_Exercise brief_. Return the lines below exactly, please, from the one containing "Odczep linkę 3, aby" through the last one, both included, and leave out any pictures.

[Collection entries]

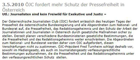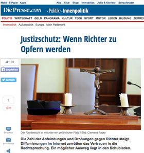 | Richter angezeigt Deutscher Journalist zeigt Salzburger Richter an [Quelle: Kronen Zeitung] ![]() | Häftling gelähmt Häftling nach Gerangel mit Justizbeamten gelähmt [Quelle: Kronen Zeitung] ![]() | Demokratie in Gefahr Demokratie in Gefahr wegen "kranker Justiz" [Quelle: derStandard] ![]() | |||||||||||||||||||||||||||||||||||||||
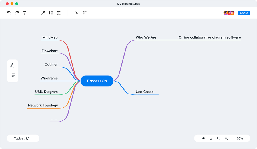 ProcessOn is a free, web-based diagramming platform offering flowcharts, mind maps, and UML diagrams. It does not feature AI-powered PDF parsing but is simple and intuitive for manual diagram creation after content extraction. ProcessOn supports team collaboration and a large template library, making it a solid budget-friendly option.
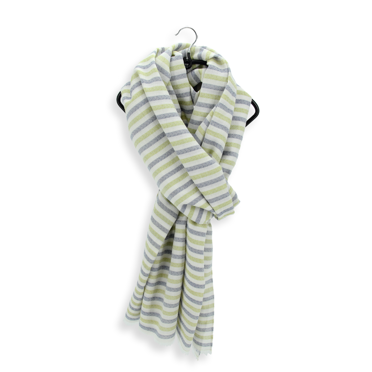 Pour améliorer en plus le touché de cette étole, nous avons assouplis les fibres après le tissage par un lavage spécialement étudié pour adoucir le tissu et accentuer sa résistance.
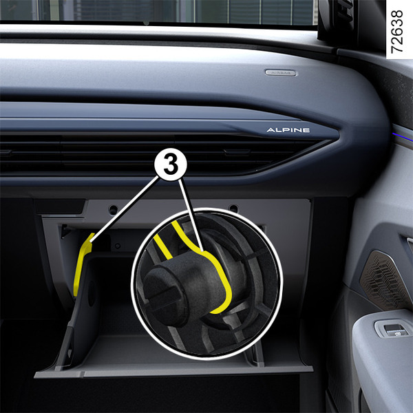 Odczep linkę 3, aby odblokować klapkę schowka w celu uzyskania dostępu do skrzynki bezpieczników.
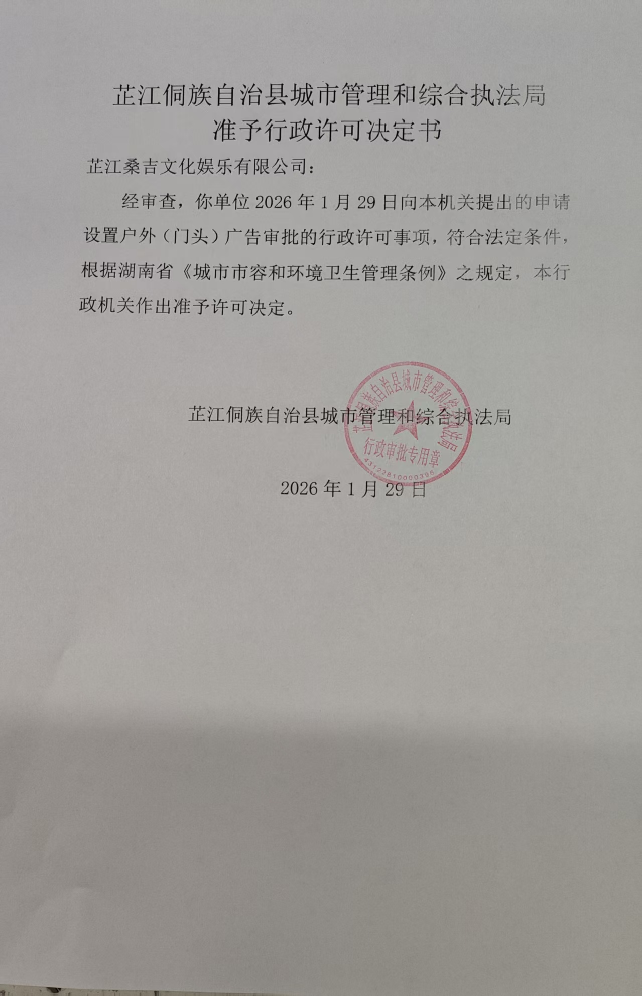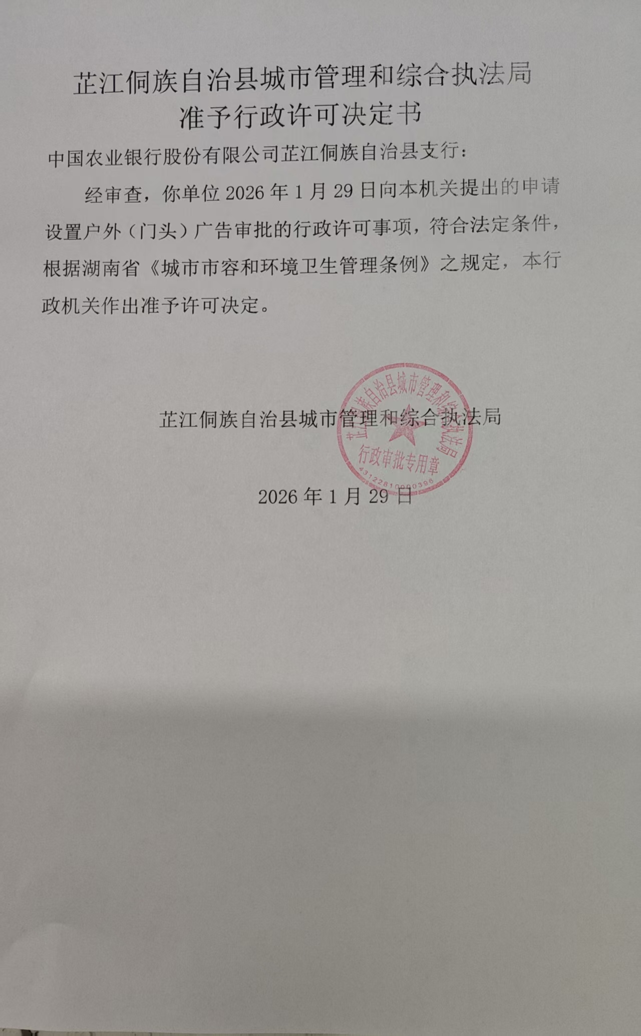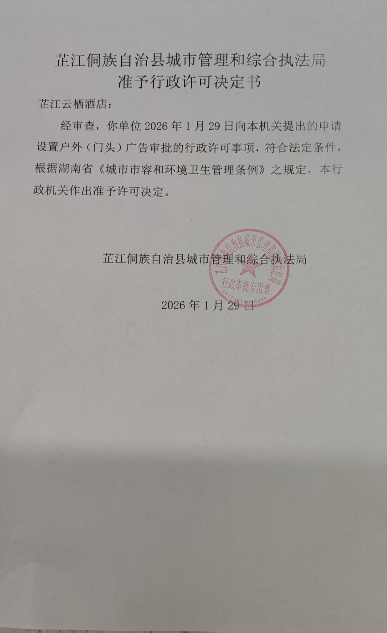芷江侗族自治县城市管理和综合执法局行政处罚决定书芷城执罚决字〔2026〕1号当事人:杨**,性别:男,民族:侗族,出生年月:1966年*月*日,身份证号码:4330271966****161*,住址:湖南省芷江侗族自治县芷江镇***村四组1号。当事人为未取得规划许可的农村村民胥凌成、郭发元、李静、李...
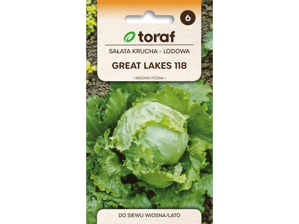 SALÁT LEDOVÝ - ODRŮDA GREAT LAKES 118 je další žhavou novinkou pro tuto sezonu a patří mezi středně pozdní (vegetační období kolem 75-80 dnů). Velmi plodná odrůda, která vytváří hlavy o váze 1000 – 1200 gramů. Jedná se o velmi kvalitní jednobarevnou – tmavě zelenou odrůdu salátu, hlava je kompaktní, listy jsou velké a křehké, křupavé, s lehce bublinovým povrchem a mají příjemnou osvěžující chuť. Salát má velmi malé sklony k tvoření okvětní lodyhy, čímž vydrží na zahradě déle bez ztráty vzhledu a zejména chuti Patří mezi odrůdy, které úspěšně lze pěstovat jak na jaro, tak koncem léta.

_Result of the task_.
 Odczep linkę 3, aby odblokować klapkę schowka w celu uzyskania dostępu do skrzynki bezpieczników.
芷江侗族自治县城市管理和综合执法局行政处罚决定书芷城执罚决字〔2026〕1号当事人:杨**,性别:男,民族:侗族,出生年月:1966年*月*日,身份证号码:4330271966****161*,住址:湖南省芷江侗族自治县芷江镇***村四组1号。当事人为未取得规划许可的农村村民胥凌成、郭发元、李静、李...
 SALÁT LEDOVÝ - ODRŮDA GREAT LAKES 118 je další žhavou novinkou pro tuto sezonu a patří mezi středně pozdní (vegetační období kolem 75-80 dnů). Velmi plodná odrůda, která vytváří hlavy o váze 1000 – 1200 gramů. Jedná se o velmi kvalitní jednobarevnou – tmavě zelenou odrůdu salátu, hlava je kompaktní, listy jsou velké a křehké, křupavé, s lehce bublinovým povrchem a mají příjemnou osvěžující chuť. Salát má velmi malé sklony k tvoření okvětní lodyhy, čímž vydrží na zahradě déle bez ztráty vzhledu a zejména chuti Patří mezi odrůdy, které úspěšně lze pěstovat jak na jaro, tak koncem léta.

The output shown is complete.